Version 0.1.0

angus-lherrou · angus-lherrou · commit 324022237ce9 · 2020-10-28T23:52:53.000-04:00
diff --git a/.dockerignore b/.dockerignore
@@ -0,0 +1,6 @@
+.git/
+.gitignore
+.dockerignore
+Dockerfile
+outerdemo.sh
+wgbh-audios/
diff --git a/.gitignore b/.gitignore
@@ -0,0 +1,6 @@
+.idea/
+__pycache__/
+.pytype
+htmlcov/
+.coverage
+demo/results
diff --git a/Dockerfile b/Dockerfile
@@ -0,0 +1,23 @@
+FROM clamsproject/clams-python:0.1.6
+
+LABEL maintainer="Angus L'Herrou <piraka@brandeis.edu>"
+
+RUN apt-get update && apt-get install -y libsndfile1 ffmpeg
+
+RUN mkdir /segmenter
+COPY . /segmenter
+WORKDIR /segmenter
+
+RUN mkdir ./data
+
+RUN git clone --depth 1 --branch v1 https://github.com/brandeis-llc/acoustic-classification-segmentation.git
+
+RUN pip install -r ./acoustic-classification-segmentation/requirements.txt
+
+# hotfix for issue with the requirements
+RUN pip install --upgrade librosa
+
+RUN pip install -r ./requirements.txt
+
+ENTRYPOINT ["python"]
+CMD ["app.py"]
diff --git a/README.md b/README.md
@@ -0,0 +1,13 @@
+# app-audio-segmenter
+
+To run the demo on the provided mp3 file, first build the Docker image, then run the outer demo script:
+
+```
+$ docker build -t app-audio-segmenter:latest -t app-audio-segmenter:0.1.0 .
+$ chmod +x outerdemo.sh
+$ ./outerdemo.sh
+```
+
+Open the newly created `demo/results` to see the generated tsv file (for comparison) and MMIF files.
+
+To run the app as a Flask app, build the image and run the container in the usual CLAMS-y way.
diff --git a/app.py b/app.py
@@ -0,0 +1,184 @@
+# app-audio-segmenter version 0.1.0
+# author: Angus L'Herrou
+# org: CLAMS team
+import argparse
+import glob
+import os
+import csv
+import shutil
+import subprocess
+from io import StringIO
+from typing import Dict, Union
+
+from clams import ClamsApp, Restifier
+from mmif import DocumentTypes, AnnotationTypes, Mmif, Document, View, Annotation
+
+APP_VERSION = '0.1.0'
+WRAPPED_IMAGE = 'clamsproject/clams-python:0.1.6'
+MEDIA_DIRECTORY = '/segmenter/data'
+SEGMENTER_DIR = '/segmenter/acoustic-classification-segmentation'
+TIME_FRAME_PREFIX = 'tf'
+SEGMENTER_ACCEPTED_EXTENSIONS = {'.mp3', '.wav'}
+
+
+class Segmenter(ClamsApp):
+
+    def setupmetadata(self) -> dict:
+        return {
+            "name": "Audio Segmenter",
+            "description": "tbd",
+            "vendor": "Team CLAMS",
+            "iri": f"http://mmif.clams.ai/apps/audio-segmenter/{APP_VERSION}",
+            "wrappee": WRAPPED_IMAGE,
+            "requires": [DocumentTypes.AudioDocument.value],
+            "produces": [
+                AnnotationTypes.TimeFrame.value
+            ]
+        }
+
+    def sniff(self, mmif) -> bool:
+        if type(mmif) is not Mmif:
+            mmif = Mmif(mmif)
+        return len([loc for loc in mmif.get_documents_locations(DocumentTypes.AudioDocument.value)

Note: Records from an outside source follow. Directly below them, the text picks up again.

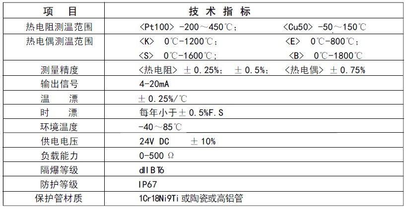 T1000 一体化温度变送器将温度传感元件(热电阻或热电偶)与信号转换放大单元有机集成在一起,用来测量各种工艺过程中-200-1600℃范围内的液体、蒸汽及其它气体介质或固体表面的温度。它通常和显示仪表、记录仪表以及各种控制系统配套使用。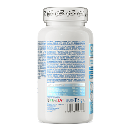 Ethic Nutraceutici Omega 3 Advanced Formula is a dietary supplement with polyunsaturated omega-3 fatty acids, developed for people looking for a proven source of these ingredients in their daily diet. The product is a practical supplement to the diet, responding to the needs of consumers who pay attention to the quality, bioavailability, and safety standards of the supplements they use.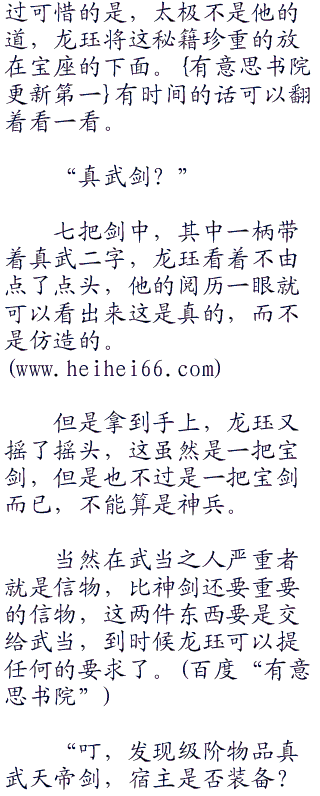 不过他也看到了自己想要的东西,太极拳经,七把剑中,一把应该是真武剑。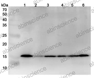 Western blot analysis was performed using anti-MAGOH polyclonal antibody at 1ug/mL on various samples. Lane 1: Hela cell lysate Lane 2: HL60 cell lysate Lane 3: K562 cell lysate Lane 4: Raji cell lysate Lane 5: Jurkat cell lysate Lane 6: Lncap cell lysate

+                    if os.path.splitext(loc)[-1] in SEGMENTER_ACCEPTED_EXTENSIONS]) > 0
+
+    def annotate(self, mmif: Union[str, dict, Mmif], save_tsv=False, pretty=False) -> str:
+        mmif_obj: Mmif
+        if isinstance(mmif, Mmif):
+            mmif_obj: Mmif = mmif
+        else:
+            mmif_obj: Mmif = Mmif(mmif)
+
+        # get AudioDocuments with locations
+        docs = [document for document in mmif_obj.documents
+                if document.at_type == DocumentTypes.AudioDocument.value
+                and len(document.location) > 0
+                and os.path.splitext(document.location)[-1] in SEGMENTER_ACCEPTED_EXTENSIONS]
+
+        files = [document.location for document in docs]
+
+        # key them by location basenames
+        docs_dict: Dict[str, Document] = {os.path.splitext(os.path.basename(doc.location))[0]: doc for doc in docs}
+        assert len(docs) == len(docs_dict), 'no duplicate filenames'
+        # TODO (angus-lherrou @ 2020-10-03): allow duplicate basenames for files originally from different folders
+        #  by renaming files more descriptively
+
+        setup(files)
+
+        tsv_string = segment(save_tsv)
+
+        reader = csv.reader(StringIO(tsv_string), delimiter='\t')
+
+        for row in reader:
+            filename = os.path.splitext(os.path.split(row[0])[-1])[0]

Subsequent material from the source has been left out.